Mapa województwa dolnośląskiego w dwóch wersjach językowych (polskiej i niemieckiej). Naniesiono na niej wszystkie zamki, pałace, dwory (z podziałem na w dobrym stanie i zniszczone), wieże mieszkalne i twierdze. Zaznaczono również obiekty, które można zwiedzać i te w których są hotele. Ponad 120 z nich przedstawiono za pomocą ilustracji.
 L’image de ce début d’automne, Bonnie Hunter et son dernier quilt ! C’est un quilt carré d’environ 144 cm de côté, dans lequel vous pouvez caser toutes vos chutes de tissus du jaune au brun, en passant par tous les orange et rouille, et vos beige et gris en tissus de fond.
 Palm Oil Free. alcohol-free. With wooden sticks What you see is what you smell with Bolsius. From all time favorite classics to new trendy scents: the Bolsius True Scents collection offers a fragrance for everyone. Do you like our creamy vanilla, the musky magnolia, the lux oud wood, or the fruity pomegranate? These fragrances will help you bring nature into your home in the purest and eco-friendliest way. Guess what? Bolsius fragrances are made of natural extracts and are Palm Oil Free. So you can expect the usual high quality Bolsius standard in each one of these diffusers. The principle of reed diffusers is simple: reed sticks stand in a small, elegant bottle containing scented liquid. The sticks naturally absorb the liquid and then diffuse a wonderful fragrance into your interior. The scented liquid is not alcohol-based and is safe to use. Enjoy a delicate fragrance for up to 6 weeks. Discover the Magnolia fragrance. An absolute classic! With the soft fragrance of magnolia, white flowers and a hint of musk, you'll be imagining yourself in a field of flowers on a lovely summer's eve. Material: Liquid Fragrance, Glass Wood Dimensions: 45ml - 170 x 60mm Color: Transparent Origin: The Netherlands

==

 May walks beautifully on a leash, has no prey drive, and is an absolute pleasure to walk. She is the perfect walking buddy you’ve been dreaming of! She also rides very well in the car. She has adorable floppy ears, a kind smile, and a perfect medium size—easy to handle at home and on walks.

==

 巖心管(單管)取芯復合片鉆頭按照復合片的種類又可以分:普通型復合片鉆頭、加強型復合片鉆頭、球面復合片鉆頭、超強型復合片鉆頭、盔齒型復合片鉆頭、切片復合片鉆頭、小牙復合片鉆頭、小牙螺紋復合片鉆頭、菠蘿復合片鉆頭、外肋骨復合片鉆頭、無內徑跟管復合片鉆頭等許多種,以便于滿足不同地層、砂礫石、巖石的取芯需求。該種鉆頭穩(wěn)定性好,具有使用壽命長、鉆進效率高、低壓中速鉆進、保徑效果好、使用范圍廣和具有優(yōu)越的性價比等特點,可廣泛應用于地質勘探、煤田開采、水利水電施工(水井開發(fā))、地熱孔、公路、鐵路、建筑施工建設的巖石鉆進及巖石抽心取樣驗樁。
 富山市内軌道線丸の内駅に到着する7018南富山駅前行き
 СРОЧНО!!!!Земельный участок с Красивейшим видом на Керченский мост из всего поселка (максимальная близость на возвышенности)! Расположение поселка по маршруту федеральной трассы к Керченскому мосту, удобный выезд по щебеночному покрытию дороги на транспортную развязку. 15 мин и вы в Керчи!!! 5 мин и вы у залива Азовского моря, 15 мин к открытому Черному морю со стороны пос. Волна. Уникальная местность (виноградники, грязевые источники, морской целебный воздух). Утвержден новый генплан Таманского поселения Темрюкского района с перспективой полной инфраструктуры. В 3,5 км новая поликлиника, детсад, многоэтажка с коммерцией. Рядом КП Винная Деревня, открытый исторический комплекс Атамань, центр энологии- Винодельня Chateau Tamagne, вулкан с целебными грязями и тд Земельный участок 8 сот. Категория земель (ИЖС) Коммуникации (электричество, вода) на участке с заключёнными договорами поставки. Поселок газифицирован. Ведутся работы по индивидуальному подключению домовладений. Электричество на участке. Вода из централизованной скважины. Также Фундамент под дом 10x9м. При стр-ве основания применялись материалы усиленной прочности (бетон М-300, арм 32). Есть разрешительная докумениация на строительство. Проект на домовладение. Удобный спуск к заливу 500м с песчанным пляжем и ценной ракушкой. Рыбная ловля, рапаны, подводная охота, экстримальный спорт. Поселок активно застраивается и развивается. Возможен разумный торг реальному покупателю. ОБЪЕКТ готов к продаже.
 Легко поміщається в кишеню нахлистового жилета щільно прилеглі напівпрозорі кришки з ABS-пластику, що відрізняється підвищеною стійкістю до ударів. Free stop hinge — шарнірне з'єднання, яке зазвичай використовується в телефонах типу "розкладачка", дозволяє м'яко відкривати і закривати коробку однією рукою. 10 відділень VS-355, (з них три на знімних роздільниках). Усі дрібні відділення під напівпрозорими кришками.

Task to complete
Where the listing above reaches the line that contains "Mapa województwa dolnośląskiego", start retyping, and finish with the line that contains "L’image de ce"; reproduce those lines exactly and no others.

Task response
Mapa województwa dolnośląskiego w dwóch wersjach językowych (polskiej i niemieckiej). Naniesiono na niej wszystkie zamki, pałace, dwory (z podziałem na w dobrym stanie i zniszczone), wieże mieszkalne i twierdze. Zaznaczono również obiekty, które można zwiedzać i te w których są hotele. Ponad 120 z nich przedstawiono za pomocą ilustracji.
 L’image de ce début d’automne, Bonnie Hunter et son dernier quilt ! C’est un quilt carré d’environ 144 cm de côté, dans lequel vous pouvez caser toutes vos chutes de tissus du jaune au brun, en passant par tous les orange et rouille, et vos beige et gris en tissus de fond.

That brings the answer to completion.